The ceilings are not entirely smooth, but they look like the ceilings were smoothed out with a trowel (?) and they just have curved lines occassionally.   Hard to describe, but I think they will look nice with color.  I know I have seen rooms with the ceiling painted the same color as the walls and thought it looked good.  

I guess what I am trying to find out is whether or not this is actually a good idea or not? It seems like the rooms I saw like that were maybe bathrooms.  So, does anyone have any opinions about this?   Any help would be appreciated.  

Also, we are going to paint the chair rail white and rehang it, the closet shelves, the door, the door trim, and the window trim will all be white.

The only furniture in the room right now is her bed which is black, and she wants to get another black piece of furniture to go with it....


:help:


----------



## Nestor_Kelebay

1. There is no good reason NOT to paint the ceiling in a room the same colour as the walls.  Typically new homes will have the ceilings painted flat white, but the reason for this has nothing to do with painting.  It's because white paint reflects more light than any other colour, so that you benefit more from the natural light coming in through windows more if you reflect it around the room by bouncing it off the ceiling.  Basically, having white walls and ceilings would mean you'd turn your artificial lighting on a little later every evening because you'd have more natural light bouncing around the room to see by.

The reason for painting ceilings flat white (or texturing them) has even less to do with painting.  Ceilings are often illuminated by ceiling mounted light fixtures or by windows that come within a few inches of the ceiling.  Illuminating the ceiling at a sharp angle will exagerate any defects in the workmanship of the plastering or drywalling of the ceiling.

(Aside: Our eyes don't actually "see" certain things.  For example, you don't actually "see" a wave on otherwise calm water.  What you "see" is the way the wave perterbs the reflection of light off the otherwise smooth and flat surface of the water, and our brains understand that the perturbation of the reflected light is caused by a wave.)

If you paint ceilings with a high gloss paint, then you will have a smooth reflecting surface that will make any perturbation of the light reflected off the ceiling easy to "see".  By using a flat paint (or better yet, a texture), then you scatter the light reflected off the ceiling in every different direction (just as a glitch in the ceiling drywall or plaster would), and that helps camoflage any glitches in the ceiling drywall or plaster workmanship.  So, new houses come with flat painted or textured ceilings to minimize the number of homeowner complaints the builder has to deal with.

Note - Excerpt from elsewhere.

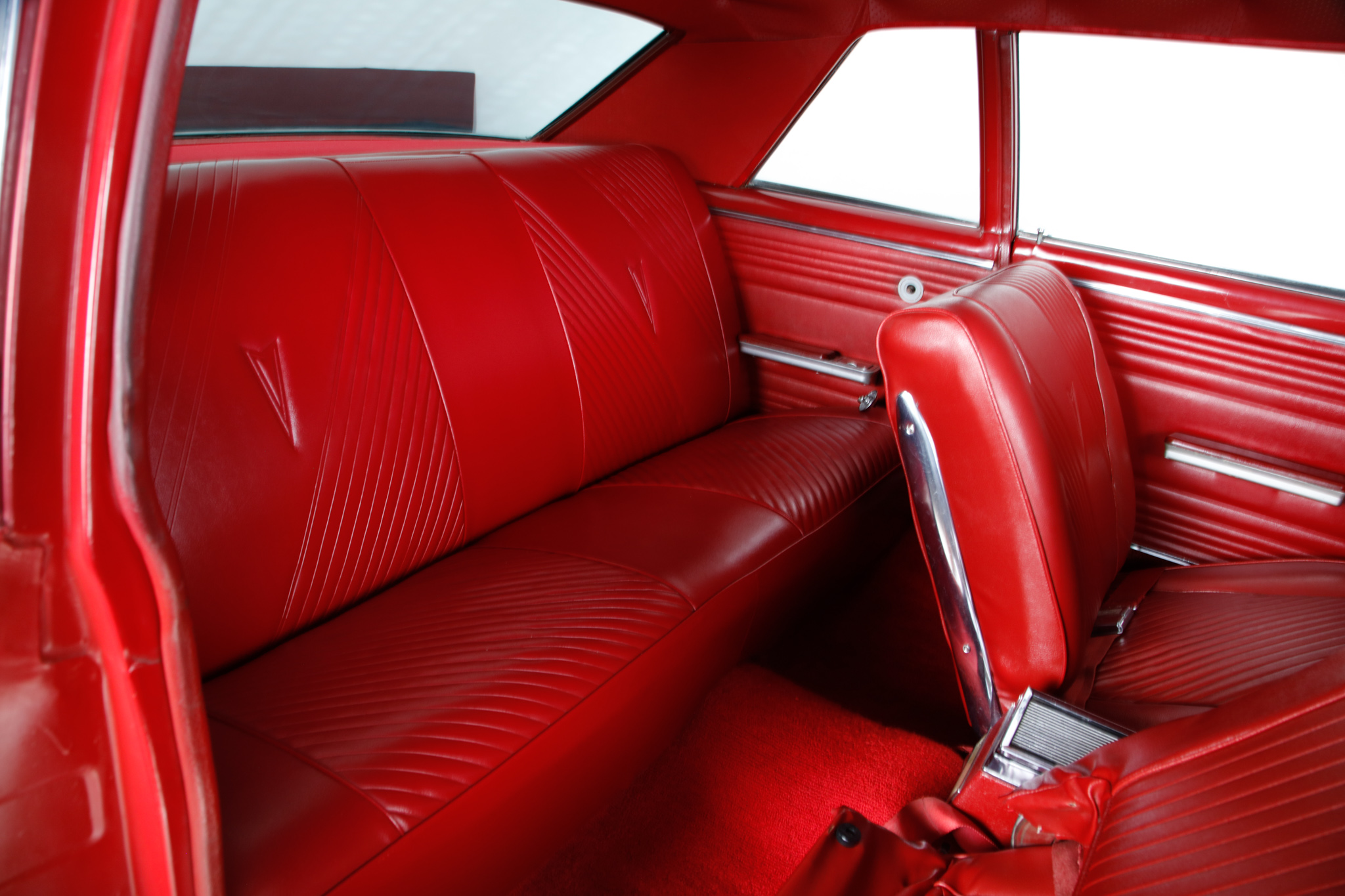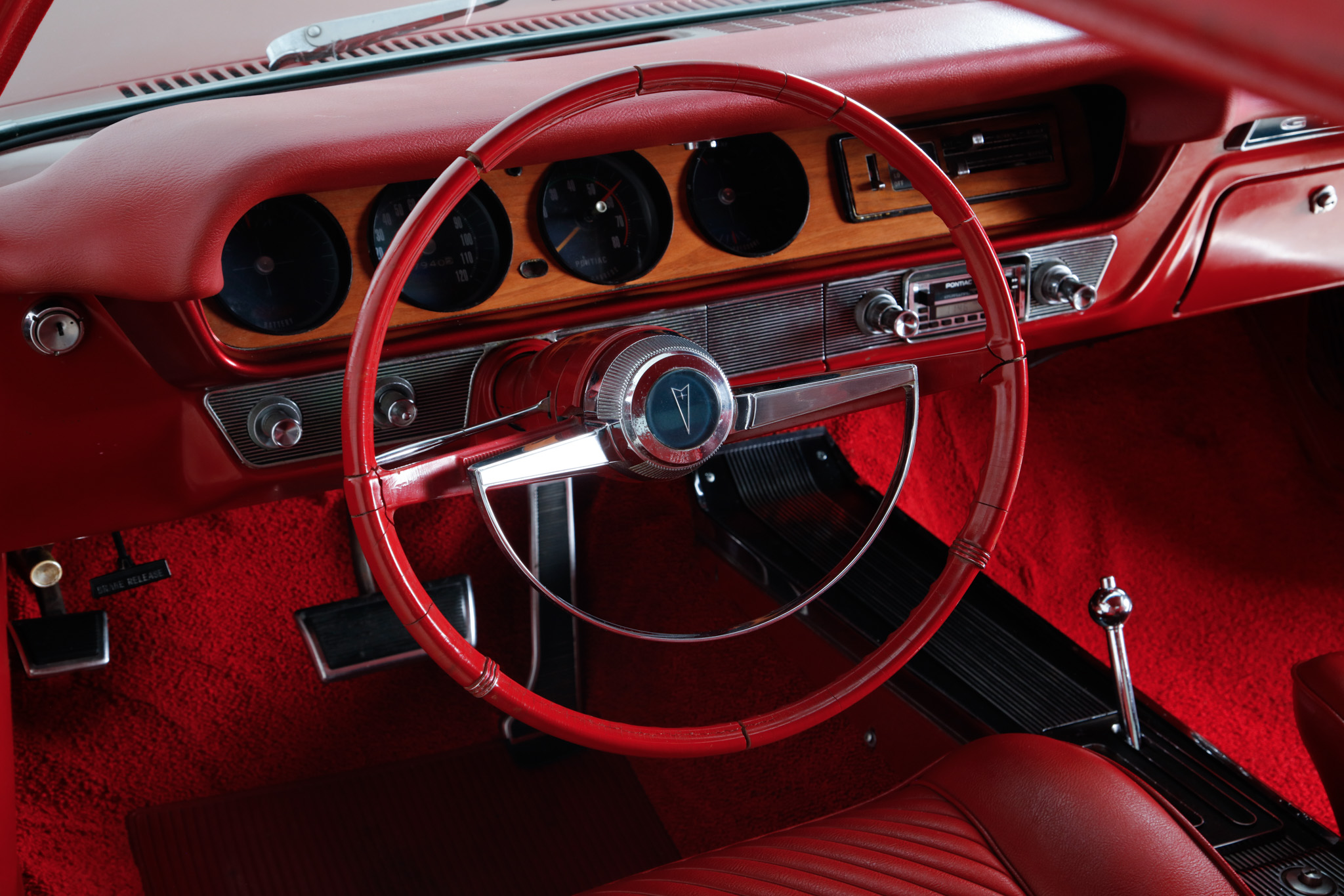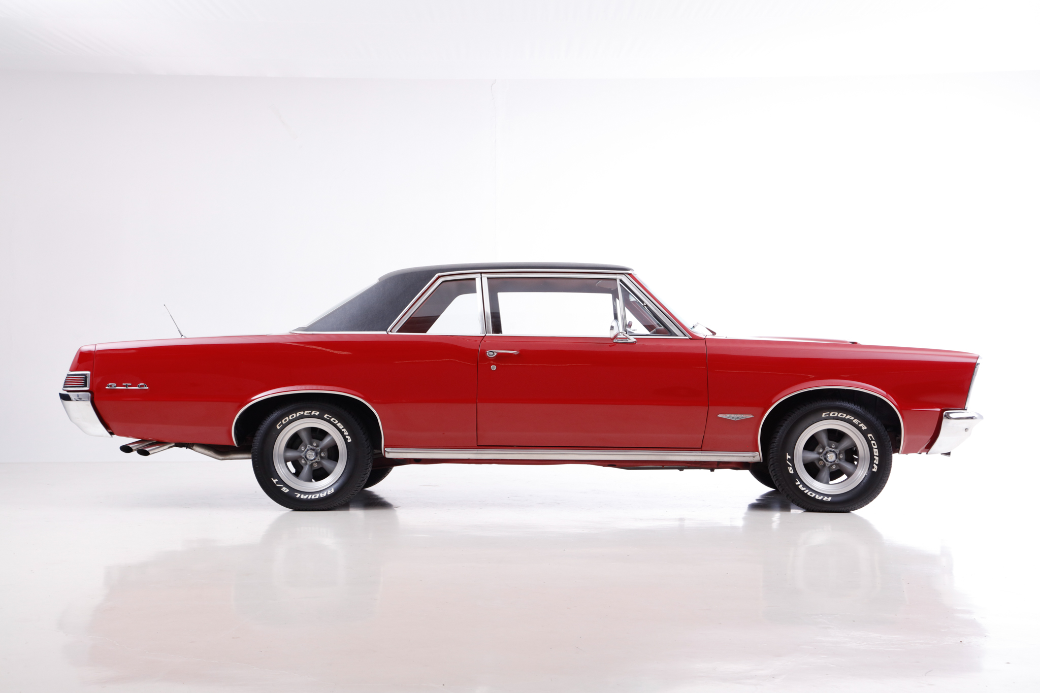 This 1965 Pontiac GTO sport coupe is powered by a 389ci V8 paired with a three-speed automatic transmission, and it was refurbished at some point under prior ownership with work that included refinishing the body in red with a black vinyl roof cover. The interior is trimmed in red vinyl and features front bucket seats, a center console, a cassette radio, woodgrain trim accents, and retractable front lap belts. Additional equipment includes a four-barrel carburetor, a dual exhaust system with quad tips, power steering, power-assisted drum brakes, and 15″ American Racing Torq Thrust wheels

You can just about nail a dead animal to a ceiling, and texture over it with a thick enough texture not to leave a noticable "bump".  But, that textured ceiling is gonna be harder to clean, harder to paint and harder to repair (cuz of the requirement to match the texture).  If it wuz up to me, I would ban the texturing of walls and ceilings cuz most of the time it's done to hide possible poor workmanship of plasterers or drywallers, but it just makes looking after those walls and ceilings a hassle for the homeowners.


----------



## Nestor_Kelebay

2. I would paint the top surfaces of all of the shelves with an oil based paint.  I recommend Benjamin Moore "Melamine" in the 303-90 tint base.  This is a urethane fortified paint, which means that the binder is a mixture of alkyd and polyurethane resins that will dry to a harder film than an ordinary alkyd paint will.  You need a hard film to provide good service on all working surfaces, like shelves, mantles, floors, window sills, etc.  If you just paint a kitchen shelf, say, with a soft coating like a latex paint, then dust that settles on that paint will be ground into it when you slide something heavy and hard over that paint (like a stack of porcelain dishes or a large stainless steel pot).  The result will be that the soft coating will soon become embedded with dirt, making the surface look dirty.  The harder the coating, the less easily it will be damaged and the longer it will stay looking new.

I'd probably paint the doors and door frames with the BM 303-90 too.  Doors and door frames get all marked up by finger prints and dirty hands on people who turn light switches on and off with a "tennis" swing.

3. If you end up painting any furniture black to match your daughter's bed, DON'T use a black latex paint.  Latex paints are soft and they will rub off on your mint green walls leaving black marks on them.  Use the Benjamin Moore Melamine in the 303 "Black" tint base.  This will give you a hard black paint that won't rub off on a softer latex wall paint.


----------



## Housework44

Large bedroom, very high ceilings, very low light. Should I paint with a light color and the ceiling the same or a shade lighter or darker


----------



## nealtw

Welcome to the site, in future it is always better to start a new thread from the forum page. 
I think it's a matter of personal taste for the ceiling, if you go the same colour you don't have a problem cutting in a different colour.


----------